E non ci sono sentenze da emettere, oggi. Quelle della giustizia umana sono infatti già passate in giudicato e non sono in discussione. Quella del Giudice supremo spetta soltanto a Lui e non ci è dato di conoscerla. Si può affermare, invece, che Riina è vissuto nel buio e nel buio è morto. Si dice che abbia portato con sé tanti segreti, soprattutto quelli sui rapporti tra la mafia siciliana e pezzi di istituzioni. È probabile. Ma anche se fosse, non sarebbe certo stato lui a rivelarli. Senza contare che quelli come lui non dicono mai la verità. Non sanno cosa sia. Forse perché non sanno distinguerla dalla menzogna. Parlano del male come se fosse il bene e viceversa. In un colloquio, intercettato, che ebbe in carcere con uno dei suoi figli nel 2010, disse: «Nella storia, quando poi non ci sono più, voialtri dovete dire e dovete sapere che avete un padre che non ce n’è sulla terra, non credete che ne trovate, un altro non ce n’è perché io sono di un’onestà e di una correttezza non comune». Quel figlio è anche lui, da anni, all’ergastolo. Mentre una delle sue figlie, ieri, per salutare il padre ha pubblicato su Facebook la foto di una rosa. Ma l’immagine è in bianco e nero. E la rosa appare nera.

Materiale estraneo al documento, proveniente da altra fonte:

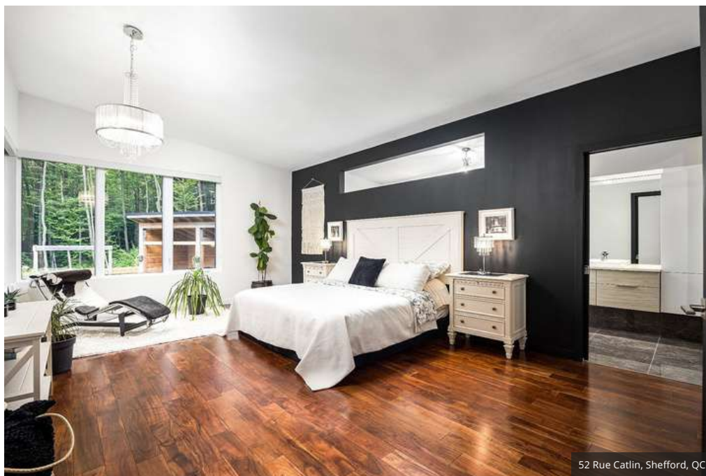
52 Rue Catlin, Shefford, QC

Select one, really great, standout element for the room and then decorate around that. That could mean a lovely painting over the bed or a beautiful vase. Invest in things that add beauty. Just a few nice pieces are all you need to set the tone. Not only is clutter unattractive, it takes away space that you might need to store your belongings, rest and relax.

Nella luce, al contrario, sono vissuti molti di coloro che per la spietata volontà di Riina hanno lasciato questa terra. Non sono più con noi, eppure vivono. Sono magistrati, poliziotti, carabinieri, giornalisti, politici. Italiani, con la “i” maiuscola. Sono loro gli eroi, lo sono diventati vivendo da anti-eroi, facendo il loro lavoro ogni giorno, fino in fondo, pagando il prezzo più caro, non tradendo la loro coscienza.

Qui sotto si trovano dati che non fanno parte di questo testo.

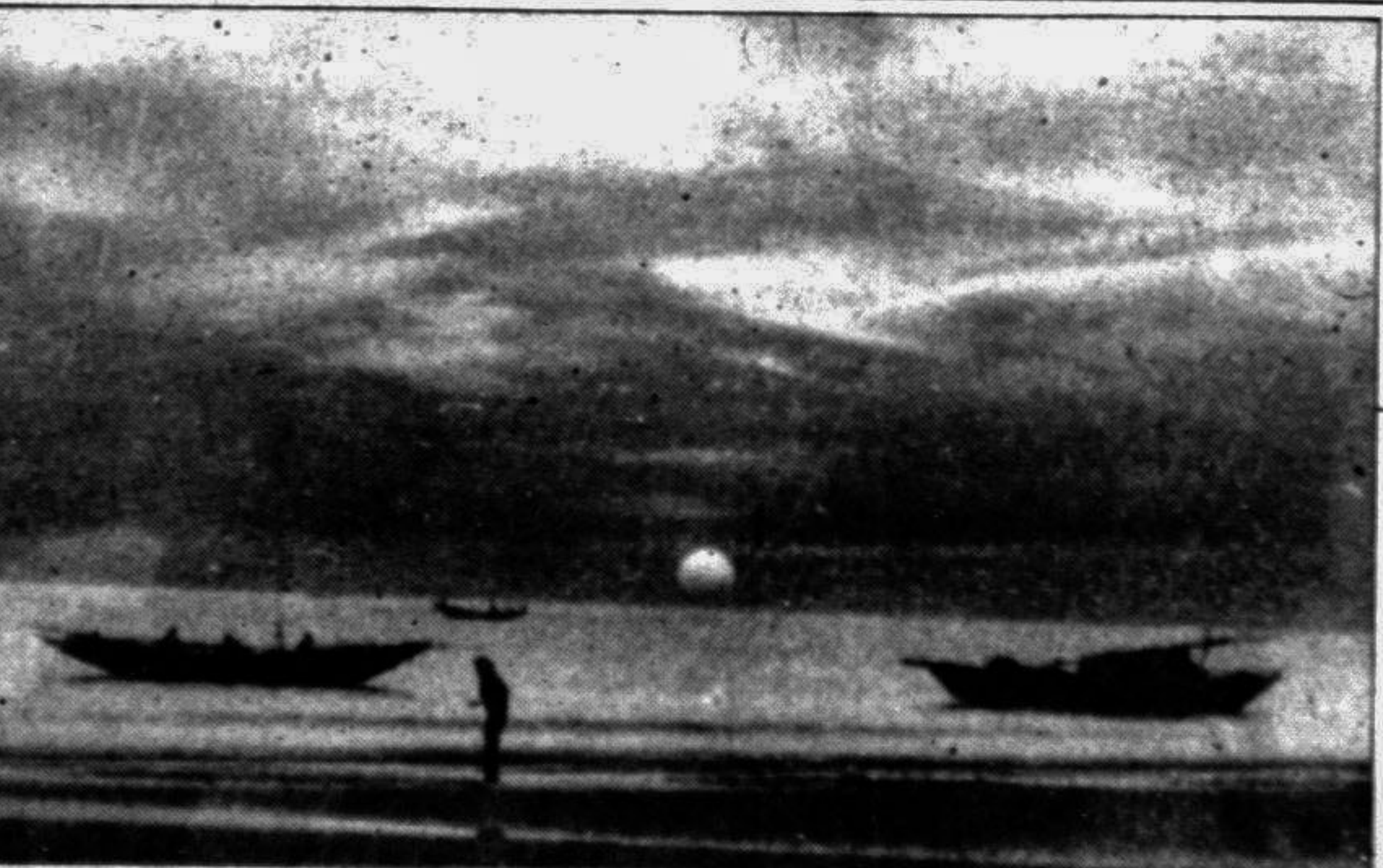
The setting sun bidding farewell to 1994 yesterday.

Si chiamano Giovanni, Paolo, Cesare, Rocco, Gaetano, Ninni, Boris, Carlo Alberto, Mario, Piersanti, Pio, e tanti, tanti, tanti altri. Troppi. Anche per questo la loro luce è grande e vive, vivrà, nei cuori e nelle menti dei giusti di oggi e di domani, che continueranno a difendere la legalità e la comunità dalla prepotenza parassitaria di tutte le mafie.

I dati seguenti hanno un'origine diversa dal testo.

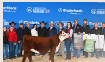
Full Sister, CWA Champion Horned Female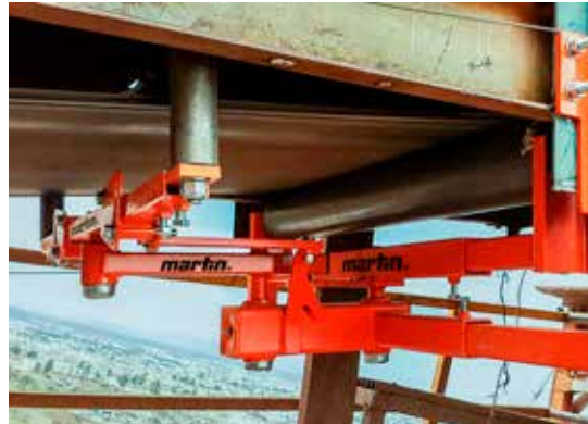
4 Multi-Pivot Trainer for the return run

“While these mechanisms can improve a belt that’s consistently off-center in one direction, they do not react to dynamic belt movement, meaning that they don’t correct intermittent belt wander,” Marshall continued. “To combat such changing conditions, engineers designed the tracking idler. Unlike the edge correction approach, the device senses belt movement in either direction, and pivots the idler slightly to steer the belt back into position. It doesn’t apply a great deal of force to the edges, which can damage a belt and splices. When the belt is running true, it remains centered, and when it senses a misaligned condition, it gently corrects the belt.”

Pure delle mafie più nuove, qualunque sia il luogo che hanno deciso di infestare con i loro traffici e con le loro “regole” fuorilegge. Quelle che minacciano i giornalisti e, se capita, li picchiano. Quelle che fanno finta di fare del bene ad alcuni e invece mettono i poveri contro altri poveri, inquinano l’economia con i loro soldi sporchi di sangue e di usura, ingrassano con la droga che rovina famiglie e generazioni. Forse pensano di poter “crescere”, di diventare mafie potenti e temute come quella di Riina. Speriamo di no. In ogni caso, resteranno al buio. E non riusciranno a spegnere quella luce.